# High School Athlete Sponsorship Problems - will it hurt a scholarship?



## jennmiesz (Oct 1, 2007)

Hi,

I was wondering if anyone has ran into this situation regarding sponsoring athletes who are in high school and compete in their respective sport for the high school team. I wanted to sponsor a local snowboarder (basically give them SWAG so they can do some advertising for me) however, the parents are concerned that by accepting these goods it could hurt the athlete in regards to possible college scholarship offers. Does anyone have any suggestions? I am not paying this person, just giving them t shirts, hoodies, stickers.


----------



## paulo (Dec 13, 2006)

*Re: Athlete Sponsorship Problems*



jennmiesz said:


> Hi,
> 
> I was wondering if anyone has ran into this situation regarding sponsoring athletes who are in high school and compete in their respective sport for the high school team. I wanted to sponsor a local snowboarder (basically give them SWAG so they can do some advertising for me) however, the parents are concerned that by accepting these goods it could hurt the athlete in regards to possible college scholarship offers. Does anyone have any suggestions? I am not paying this person, just giving them t shirts, hoodies, stickers.

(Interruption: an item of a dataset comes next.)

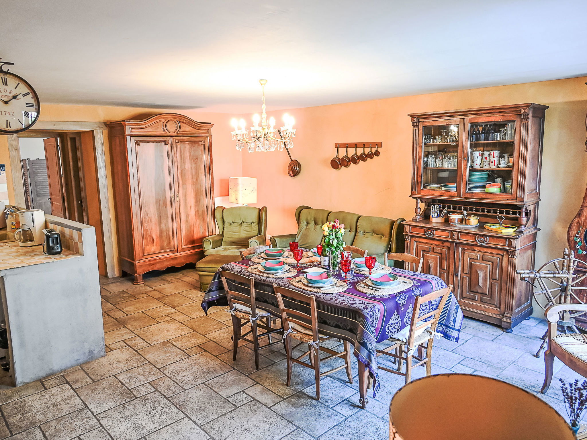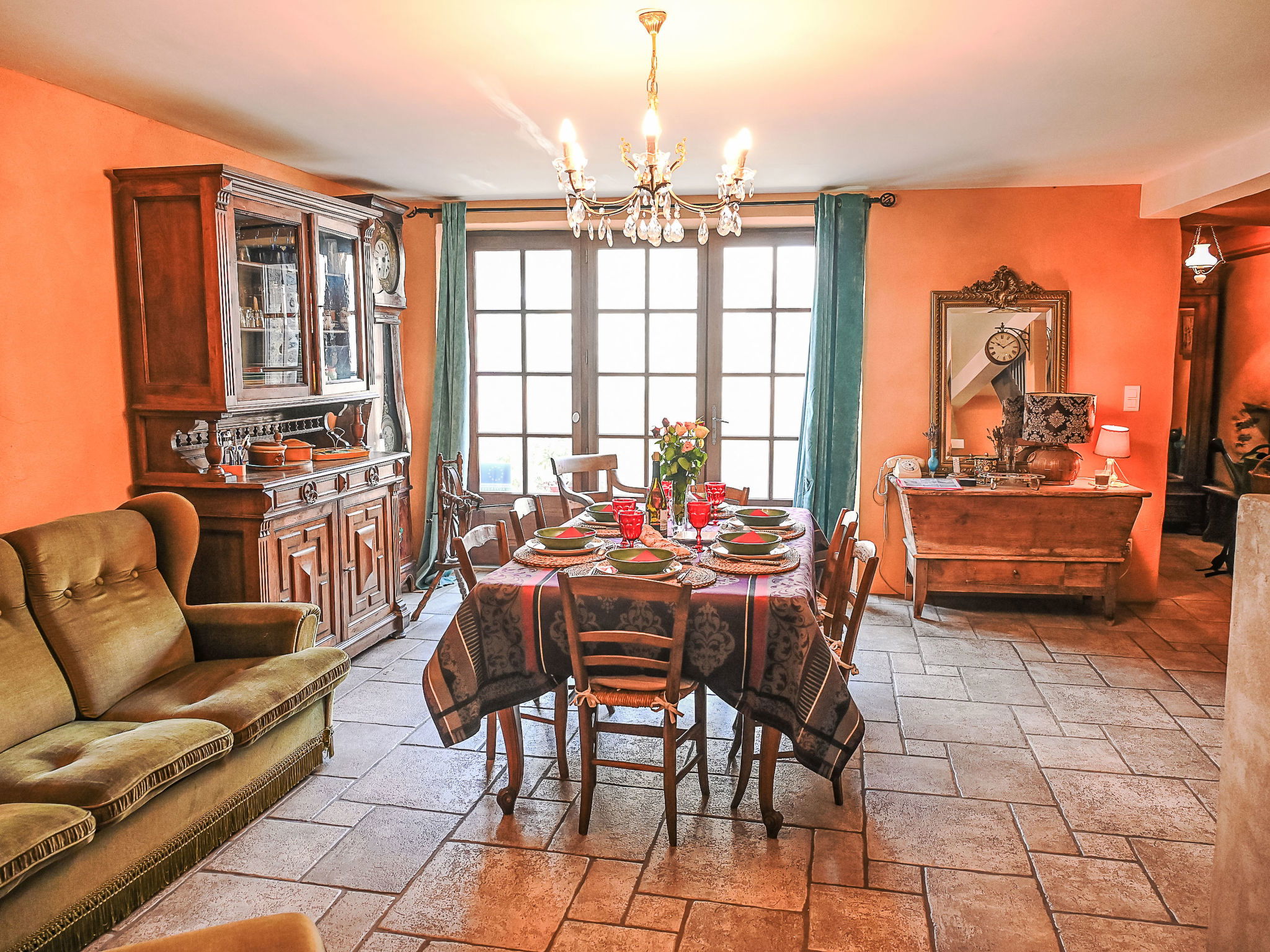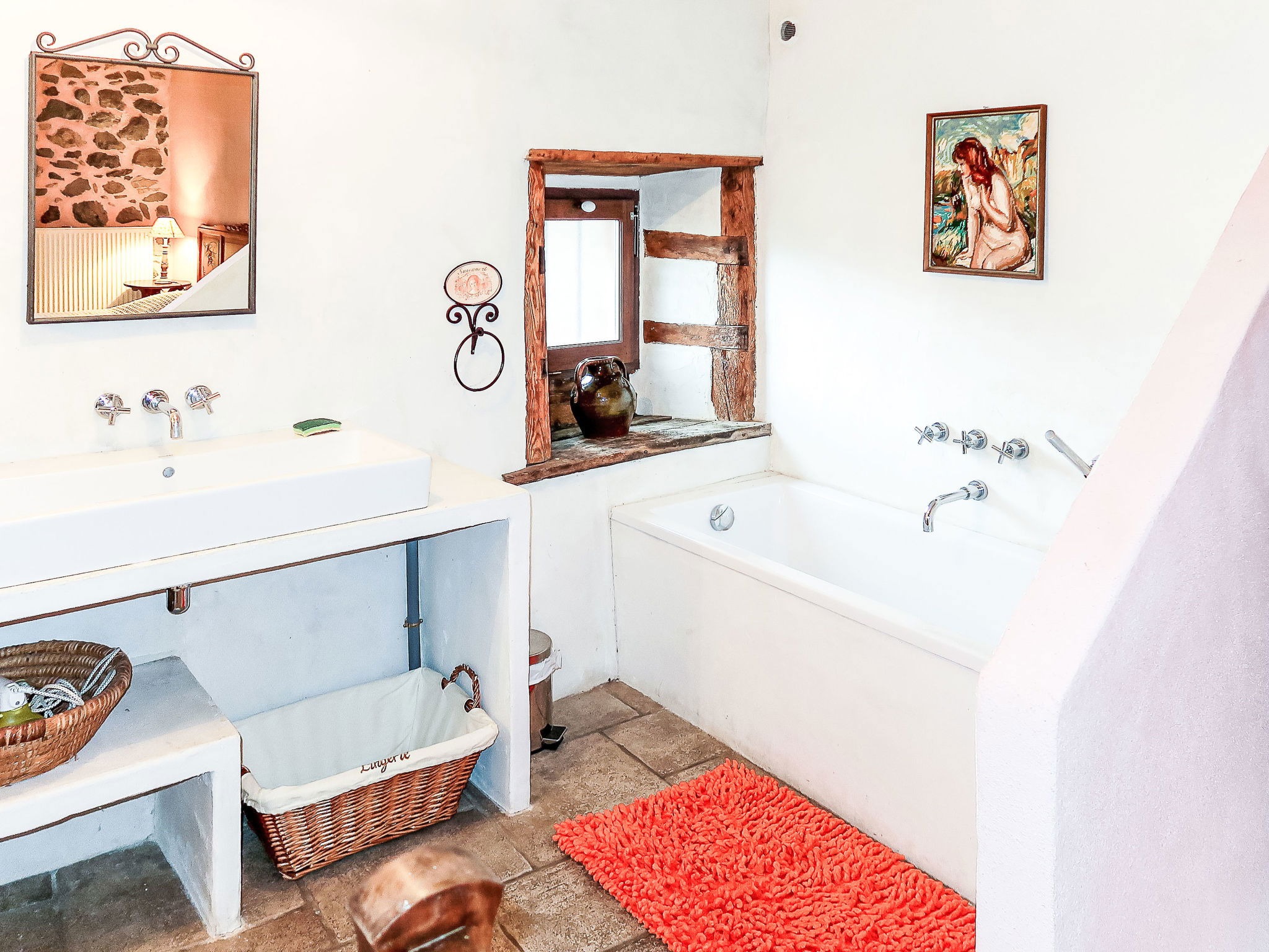 "Varenne", 4-room house 120 m2 on 2 levels. Tasteful and cosy furnishings: 1 room with 1 bed (120 cm, length 190 cm), 1 french bed (140 cm, length 190 cm), bathroom and double hand-basin. Dining room with dining table. Exit to the terrace. Open kitchen (5 hot plates, oven, dishwasher, toaster, kettle, microwave, freezer, electric coffee machine). Sep. WC. Upper floor: living room with TV, hi-fi system and DVD. Exit to the balcony. 1 room with Dressing room with 1 bed (120 cm, length 190 cm), 1 french bed (140 cm, length 190 cm). Shower/WC, double hand-basin. Solar energy heating, oil heating. Natural stone floors. Facilities: washing machine, iron, children's high chair. Internet (WiFi, free). Please note: non-smoking house. Maximum 2 pets/ dogs allowed. Smoke alarm.

If I recall correctly the NCAA considers not only cash as a form of payment, but any items given to the athletes, such as clothing, a payment. And by accepting payment, then they can not compete in college athletics since they will be considered pro.  Unless they attend USC, LSU, Miami, Florida, etc.


----------



## Mike63 (Jan 23, 2007)

*Re: Athlete Sponsorship Problems*



paulo said:


> If I recall correctly the NCAA considers not only cash as a form of payment, but any items given to the athletes, such as clothing, a payment. And by accepting payment, then they can not compete in college athletics since they will be considered pro.  Unless they attend USC, LSU, Miami, Florida, etc.


This subject brings up a question that I have been wanting to ask of a long time. What if that athlete is a relative or a young entreprenuer that is starting an apparel company with you? 

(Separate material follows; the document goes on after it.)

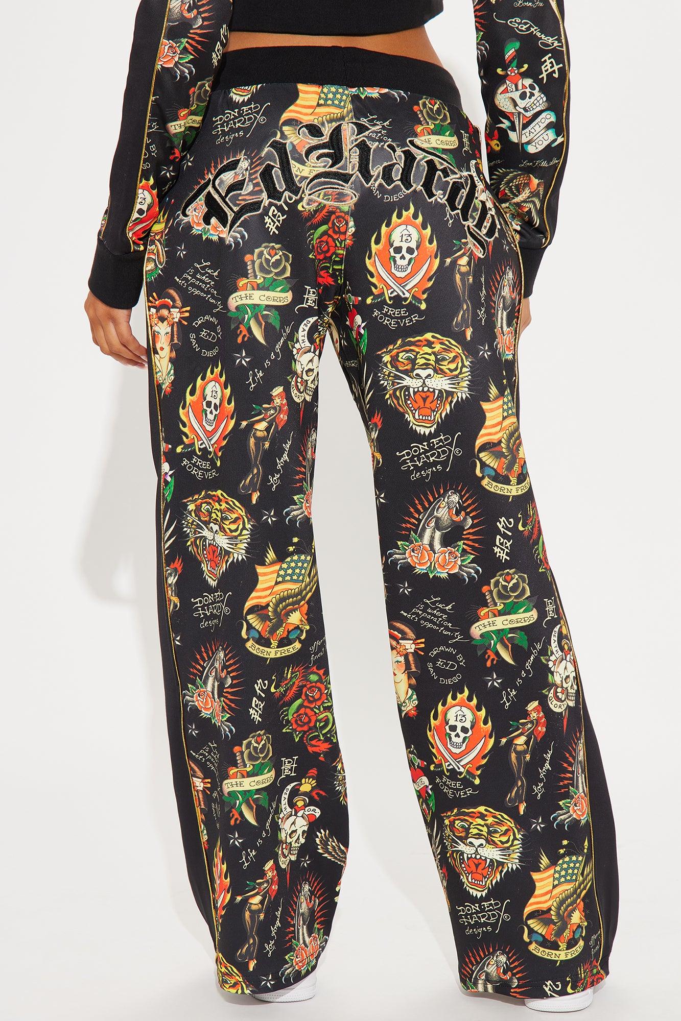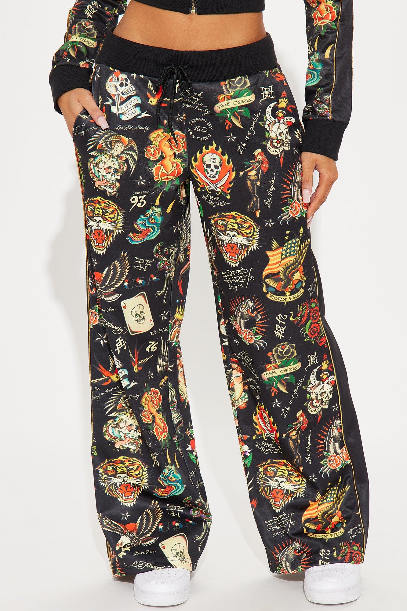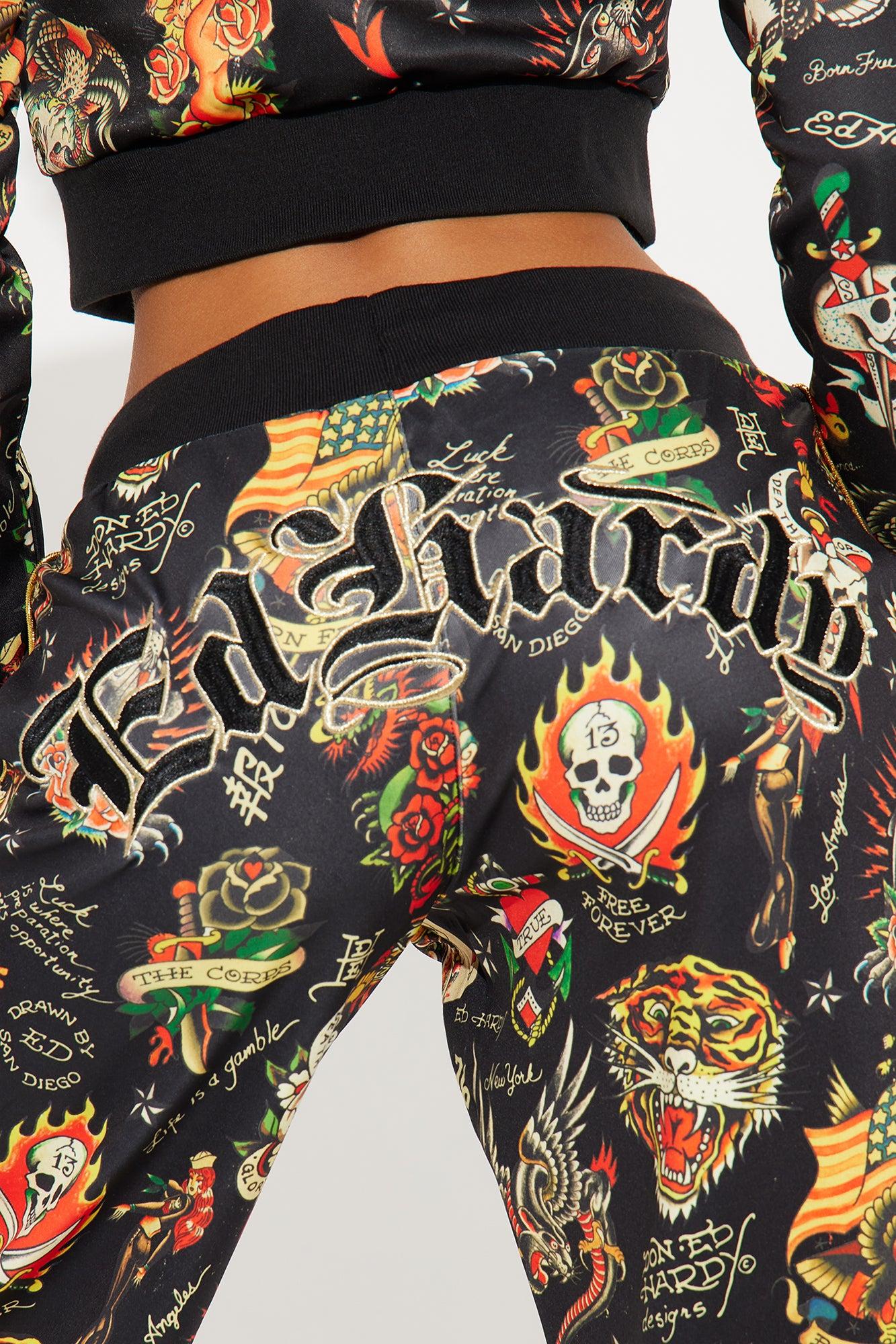 Ed Hardy Tattoo Embroidered Track Pant - Black/combo

EXAMPLE: If I have a nephew that is being scouted while in high School for sports but he and I are designing and promoting a line of clothes together.


----------



## paulo (Dec 13, 2006)

*Re: Athlete Sponsorship Problems*



Mike63 said:


> This subject brings up a question that I have been wanting to ask of a long time. What if that athlete is a relative or a young entreprenuer that is starting an apparel company with you?
> 
> EXAMPLE: If I have a nephew that is being scouted while in high School for sports but he and I are designing and promoting a line of clothes together.

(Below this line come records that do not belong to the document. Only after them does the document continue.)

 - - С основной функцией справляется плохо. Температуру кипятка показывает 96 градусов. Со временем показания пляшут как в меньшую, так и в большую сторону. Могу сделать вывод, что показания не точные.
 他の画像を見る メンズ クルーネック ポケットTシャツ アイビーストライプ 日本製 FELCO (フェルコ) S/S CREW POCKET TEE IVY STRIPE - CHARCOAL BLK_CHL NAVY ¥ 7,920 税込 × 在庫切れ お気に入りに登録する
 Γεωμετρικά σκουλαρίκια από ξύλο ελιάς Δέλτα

If both of your will be partners with equal equity, then I guess as long as he is listed as one of the owners, or partners on the partnership agreeement, then he wouldn't be considered being sponsored, he would be considered an employee. Put him on Payroll.


----------



## 2STRONG (Oct 17, 2007)

*Re: Athlete Sponsorship Problems*

Snow Bording Is An Individual Sport So That Will Be Hard Mot To Notice Waht Hes Wearing All The Time (your Shirts) But In Say Football Or Base Ball Just Sponsor The Whole Team If You Can Afford That Many Shirts And Maybe Give Him Extras Than He Shold Be In The Clear, Theres Alot Of High Schools Teams That Are Sponsored Buy Nike


----------



## jennmiesz (Oct 1, 2007)

*Re: Athlete Sponsorship Problems*

Thanks for the advice. I will probably just give this particular snowboarding a t shirt and stickers. I know the kids parents so he is not a total stranger. With the hopes that all his friends ask about and I possibly add a few sales.


----------



## Mike63 (Jan 23, 2007)

*Re: Athlete Sponsorship Problems*



paulo said:


> If both of your will be partners with equal equity, then I guess as long as he is listed as one of the owners, or partners on the partnership agreeement, then he wouldn't be considered being sponsored, he would be considered an employee. Put him on Payroll.


Thankx Paulo, that is a good idea. I still think it will be wise to contact the NCCA to verify that, so that I do not ruin this kids future.


----------



## kchaze (Mar 8, 2007)

You could sponsor some sort of "contest". If he is really good, he will probably win anyway. That would be allowed because he "won" the swag and was not directly paid to wear your shirts. Contests (well thought out ones) are a great way to draw attention to your business. This works even better in niche markets like snowboarding.


----------